Greg Mourad, Vice President of the National Right to Work Committee, said:
“With many workers choosing to reject Big Labor’s ‘representation’ in secret ballot votes, union bosses are increasingly relying on coercion instead, such as ‘salting’ schemes designed to harass non-union employers into turning workers over to union boss control without a vote – or drive them out of business altogether through bad-faith litigation. Big Labor’s cynical ‘salting’ tactics are currently being used all over the country to strong-arm workers into accepting union ‘representation’ against their will. The National Right to Work Committee is proud to stand with Congressman Allen in calling for passage of the Truth in Employment Act, which would put an end to this destructive practice once and for all.”

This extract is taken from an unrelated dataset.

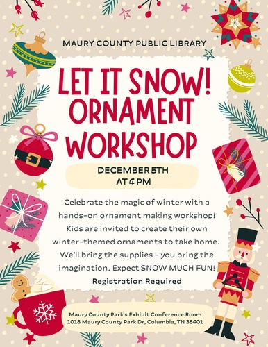 Name: Let it Snow! Ornament WorkshopDate: December 5, 2025Time: 4:00 PM - 6:00 PM CSTWebsite: Click here for more information!Event Description:The Maury County Public Library will host "Let it Snow! Ornament Workshop". Click here for more information!

Associated Builders and Contractors said:
“Salting is not merely an organizing tool—it has become an instrument of economic destruction aimed at nonunion companies. ABC supports legislation like the Truth in Employment Act that would amend the National Labor Relations Act to make it clear that an employer is not required to hire any person who seeks a job primarily to organize employees or put nonunion companies out of business or do both. This change would not infringe on any rights or protections otherwise afforded to employees under the NLRA. It would alleviate the legal pressures imposed on employers to hire individuals whose overriding purpose for seeking a job is to disrupt the workplace or otherwise inflict economic harm.”
Salting applicants often openly identify as union organizers during the job hiring process, but at this stage, it is still too late. Employers are caught in a multi-step process:
If the employer hires the union job applicant, it gives the union the opportunity to begin a union election process or call for union recognition, even without a vote; OR
If the employer does not hire the union job applicant, or when an employer attempts to fire a union applicant who turns out to be a disruptive employee with the goal of unionizing from the inside, the union activist can file a claim citing an "unfair labor practice" charge on the employer.
Once a claim is filed, employers can either enter into a NLRB investigation or settle and allow unionization of a worksite.